AUTHOR: Marissa Meyer
LENGTH: 400 pages
SUMMARY: (via amazon.com) Humans and androids crowd the raucous streets of New Beijing. A deadly plague ravages the population. From space, a ruthless lunar people watch, waiting to make their move. No one knows that Earth’s fate hinges on one girl. . . .
Cinder, a gifted mechanic, is a cyborg. She’s a second-class citizen with a mysterious past, reviled by her stepmother and blamed for her stepsister’s illness. But when her life becomes intertwined with the handsome Prince Kai’s, she suddenly finds herself at the center of an intergalactic struggle, and a forbidden attraction. Caught between duty and freedom, loyalty and betrayal, she must uncover secrets about her past in order to protect her world’s future.

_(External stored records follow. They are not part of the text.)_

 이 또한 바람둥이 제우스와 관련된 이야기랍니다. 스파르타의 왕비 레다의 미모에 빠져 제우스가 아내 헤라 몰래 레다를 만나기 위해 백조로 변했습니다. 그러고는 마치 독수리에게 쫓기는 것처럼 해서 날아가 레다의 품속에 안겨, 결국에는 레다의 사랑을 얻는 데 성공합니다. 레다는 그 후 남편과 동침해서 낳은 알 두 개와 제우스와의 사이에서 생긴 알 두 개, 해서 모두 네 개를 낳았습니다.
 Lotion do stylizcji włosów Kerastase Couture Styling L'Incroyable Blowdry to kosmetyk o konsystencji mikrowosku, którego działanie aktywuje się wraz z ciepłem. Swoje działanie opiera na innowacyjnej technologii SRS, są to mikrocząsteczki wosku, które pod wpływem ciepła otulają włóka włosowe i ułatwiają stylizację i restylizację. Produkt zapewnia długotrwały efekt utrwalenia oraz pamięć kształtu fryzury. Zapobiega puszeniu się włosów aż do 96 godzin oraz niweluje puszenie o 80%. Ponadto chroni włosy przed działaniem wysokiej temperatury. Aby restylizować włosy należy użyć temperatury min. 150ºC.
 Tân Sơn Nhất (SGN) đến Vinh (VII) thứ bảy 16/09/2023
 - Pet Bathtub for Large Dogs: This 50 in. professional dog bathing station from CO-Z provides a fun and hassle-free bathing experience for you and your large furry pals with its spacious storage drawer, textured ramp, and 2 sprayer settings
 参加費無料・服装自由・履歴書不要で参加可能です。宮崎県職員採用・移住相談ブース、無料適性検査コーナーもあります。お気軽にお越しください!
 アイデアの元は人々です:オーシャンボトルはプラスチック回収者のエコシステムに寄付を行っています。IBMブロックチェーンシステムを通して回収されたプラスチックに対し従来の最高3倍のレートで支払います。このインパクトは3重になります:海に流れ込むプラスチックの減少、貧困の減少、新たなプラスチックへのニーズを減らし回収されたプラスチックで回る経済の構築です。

BRIDGE: Teachers could use this book to teach fables, fairy tales, and allegory. Using this book in lit circles with other adapted, well-known stories would be easy. It could be paired with its namesake Cinderella or with a completely different allegory like Animal Farm to compare the allegorical structure. In addition, looking at the elements of a fairy tale from the original Cinderella and analyzing how Meyer used those elements with her futuristic setting and documenting the fun twists on the original fairy tale would be a good analysis lesson. This book could also be used in a science class to discuss the dynamics of creating cyborgs and to analyze the technology used in the book. How probable is it that this technology will exist? Does some of it ALREADY exist? History classes could use this book to analyze diplomacy and compare the negotiations with the Lunar Queen to similar marriage negotiations of the past. In addition, there is a definite caste system/segregation of society between the humans and the cyborgs. Students could look at other caste systems and countries where segregation and discrimination have been seen or are still being seen to do comparisons. And the ethics surrounding the use of cyborgs as test subjects could spark some serious debate.

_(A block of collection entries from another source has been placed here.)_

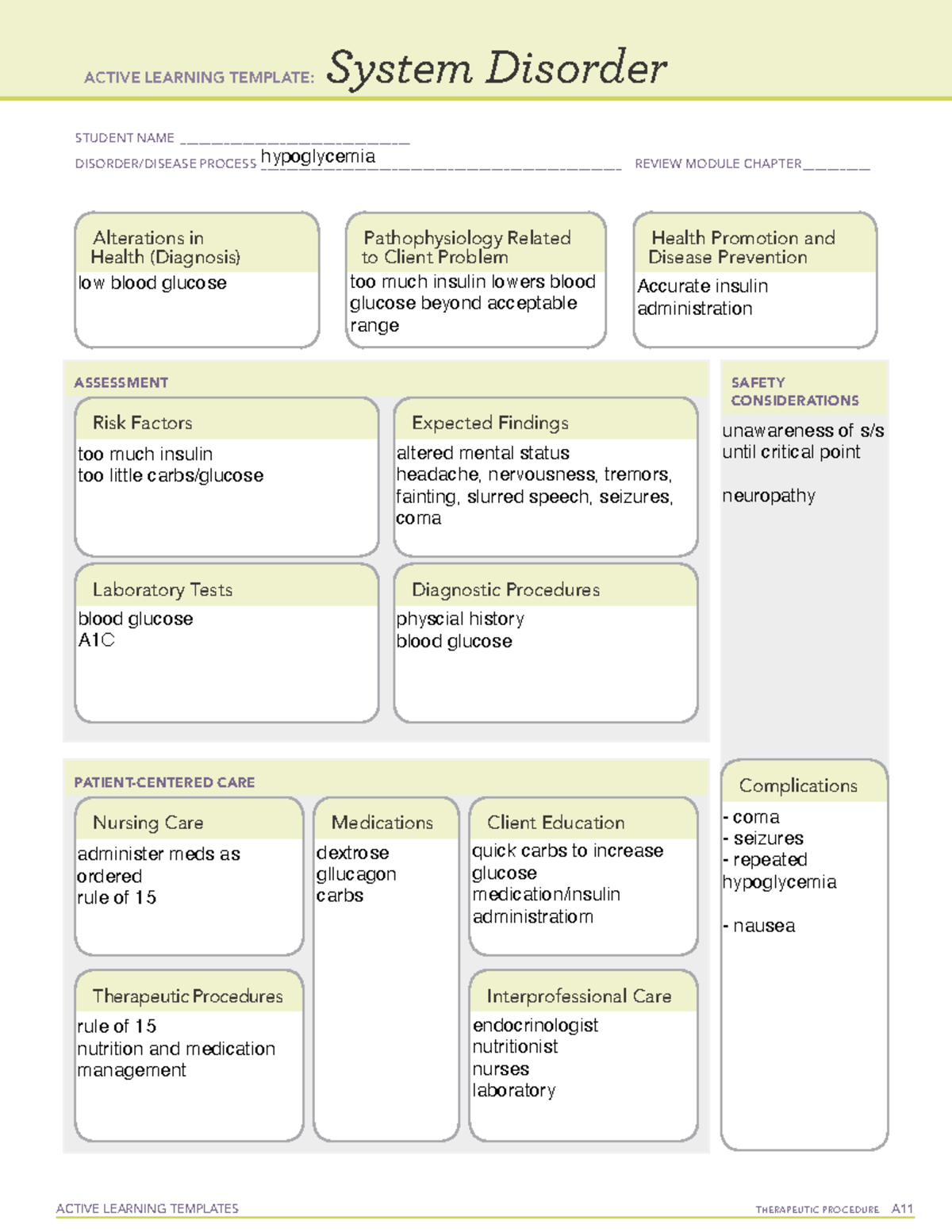 Hypoglycemia ACTIVE LEARNING TEMPLATES System Disorder STUDENT NAME
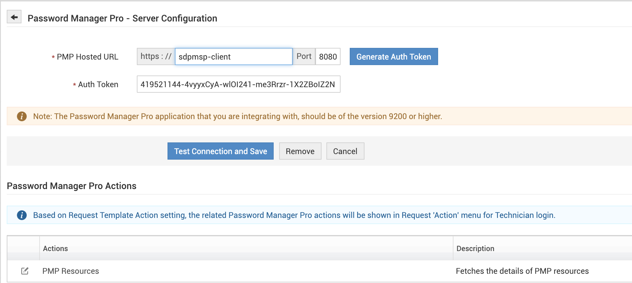 Click Test Connection and Save to establish a connection between ServiceDesk Plus MSP and Password Manager Pro servers. Once the connection is established, PMP configuration in
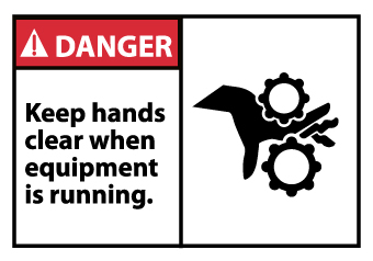 NMC, DGA47AP, 3"x 5"ANSI Sign w/Legend: "Danger - Keep Hands Clear When Equipment Is Running"
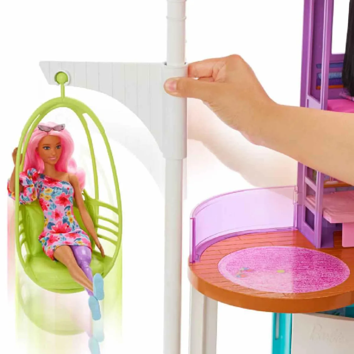 La casa de 2 pisos cuenta con dormitorio, baño, cocina, comedor, sala de estar y armario con acabados modernos y el estilo emblemático de Barbie.
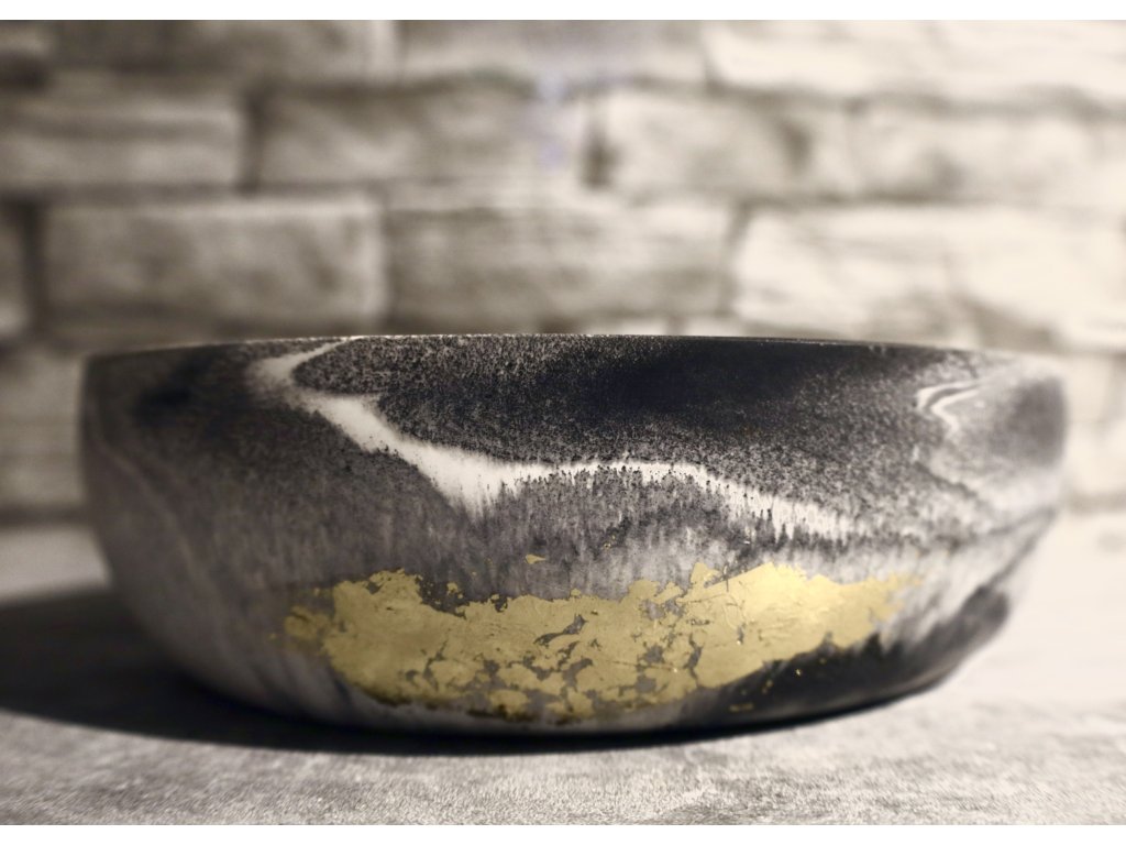 Vyrobena z ekologické pryskyřice, je nejen krásná na pohled, ale i šetrná k přírodě, odolná a hladce lesklá. Vnější plochu zdobí pravé plátkové zlato, které připomíná záblesky dávných pokladů – jemný kontrast k jednoduchosti černé a bílé.

READERS: This book will appeal to fans of science fiction but will also appeal to readers who enjoy a good identity story with a bit of romance mixed in. The love interest part of the story does not overwhelm the plot and is nicely done. While more discerning readers will figure out one of the major plot points early on, curiosity about the resolution will carry the reader to finish the book. Readers who enjoy strong protagonists will cheer for Cinder and grind their teeth in frustration with her when the obstacles appear. Fans of audiobooks will enjoy the narration in this one.
OTHER TITLES: Readers who like this book will also enjoy Ender’s Game by Orson Scott Card, The Host by Stephenie Meyer, and The Adoration of Jenna Fox by Mary E. Pearson.